Temuan kedua adanya permainan
kurs juga terjadi ketika perumusan komponen biaya langsung (direct cost) yang
harus ditanggung jamaah dalam BPIH (Biaya Perjalanan Ibadah Haji). Otoritas perbankan Arab Saudi
menetapkan satu dollar AS itu sama dengan 3,745 riyal. Tetapi ketika merumuskan perhitungan beban, Kemenag menggunakan nilai kurs
3,72.
Mark Up Biaya
Ketika
penyelenggaraan ibadah haji telah menjadi proyek, maka yang terjadi adalah mark up atau penggelembungan biaya-biaya
yang harus ditanggung calon jamaah haji. Biaya pengadaan barang dan jasa sudah
menjadi hal biasa untuk digelembungkan. Biaya barang perlengkapan ibadah haji,
seragam, tas, dsb. Biaya penerbangan yang cukup tinggi karena Kemenang
sebagai penyelenggara ibadah haji tidak melakukan tender terbuka terhadap maskapai penerbangan.
Selain
itu, pemilihan pemondokan di Makkah dan Madinah juga tidak transparan.
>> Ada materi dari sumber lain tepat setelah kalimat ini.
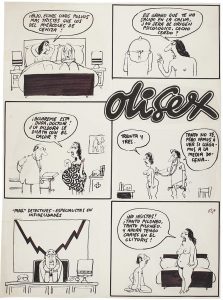 1980 ca. OLI (ENRIQUE OLIVAN TURRAU): 4 PLANCHAS DE DIBUJOS DE HUMOR EROTICO. OLISEX. 43x32 cm. Firmados. En el dorso indicaciones para su publicación en la revista El Papus.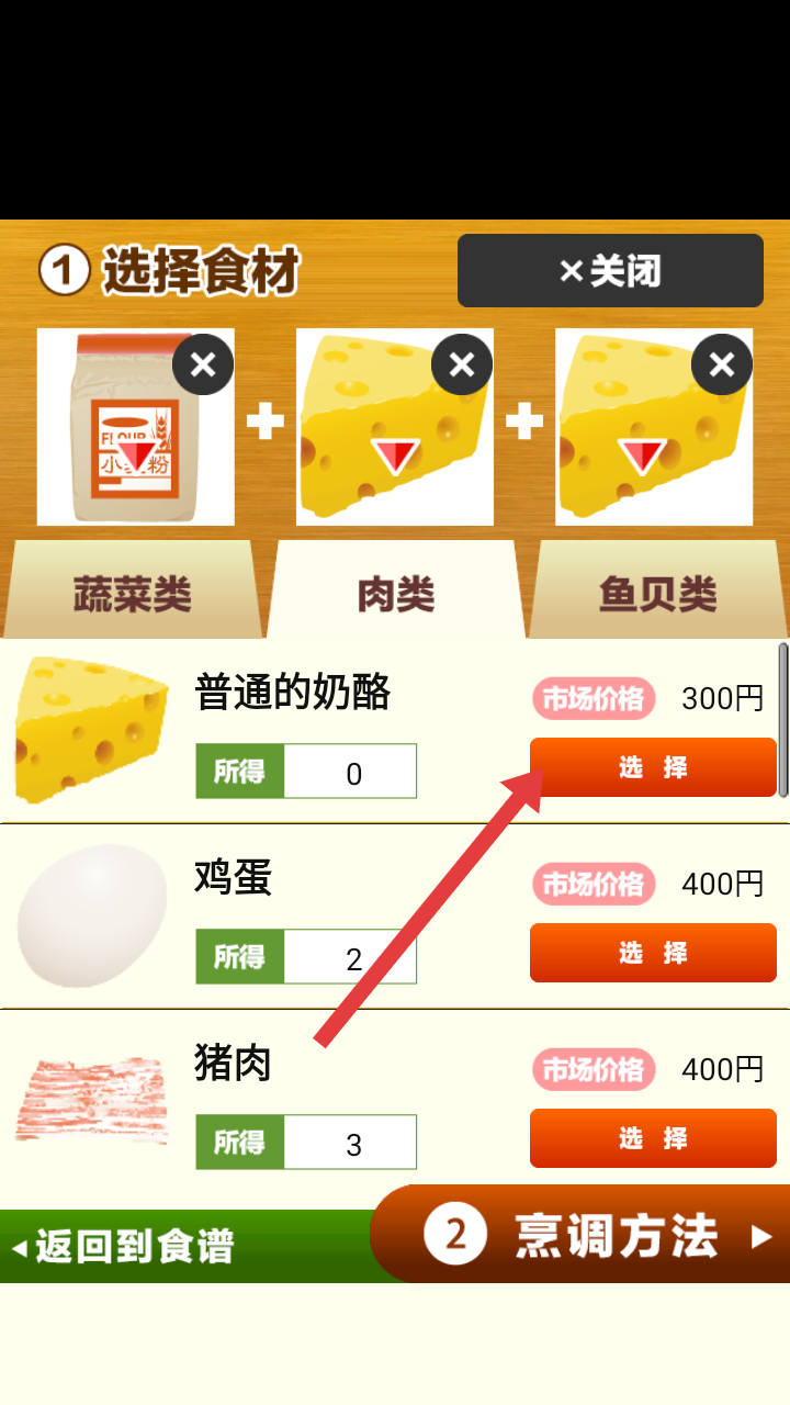 2、選擇食材環節,界面會展示各類食材,根據料理需求,點擊食材旁的選擇按鈕,挑選合適的食材用于制作。

Mungkin karena kebodohan negosiasi
panitia haji atau mungkin karena mark up,
biaya pemondokan jamaah haji kita relatif lebih mahal. Rata-rata biaya
pemondokan sekitar 5.000 riyal per jamaah, dengan biaya sebesar ini seharusnya
pemondokan sekelas hotel berbintang satu. Tapi kebanyakan jamaah mendapatkan
pemondokan sekelas losmen yang dipunyai penduduk lokal sekitar dan diduga
diperoleh melalui pihak ketiga. Alasannya, panitia haji tidak berhasil
mendapatkan pemondokan yang sesuai karena telah lebih dulu dibooking jamaah
dari negara lain.
Soal
penyediaan konsumsi atau katering merupakan salah satu pintu korupsi. Beberapa
tahun lalu kita membaca berita tentang korupsi katering jamaah haji, disusul
tahun berikutnya katering yang tidak layak makan alias sudah basi, disusul
tahun berikutnya katering yang terlambat datang, katering yang tidak sesuai
dengan spesifikasi mutu, menu yang tidak sesuai dengan makanan sehari-hari jamaah
haji Indonesia, dan sebagainya.
Padahal
biaya konsumsi ini sangat mahal, jika dihitung setiap jamaah membayar 30 riyal
untuk sekali makan. Padahal dengan menu yang sama, jika jamaah haji membeli
makanan di luar cuma 10 riyal. Dengan biaya 30 riyal seharusnya jamaah mendapat
hidangan prasmanan ala hotel berbintang, tapi kenyataannya katering sekelas
warung nasi padang.
Mahalnya
pelayanan pemondokan dan konsumsi terhadap jamaah haji tak terlepas dari kolusi
dan nepotisme. KPK menemukan adanya indikasi
penggunaan sisa kuota haji untuk para pejabat dan keluarganya. Lembaga
antikorupsi itu juga mencium praktik nepotisme dalam penunjukan panitia
penyelenggaran ibadah haji (PPIH). Penunjukan PPIH yang bukan orang profesional karena
bersifat nepotisme dan tidak sesuai ketentuan.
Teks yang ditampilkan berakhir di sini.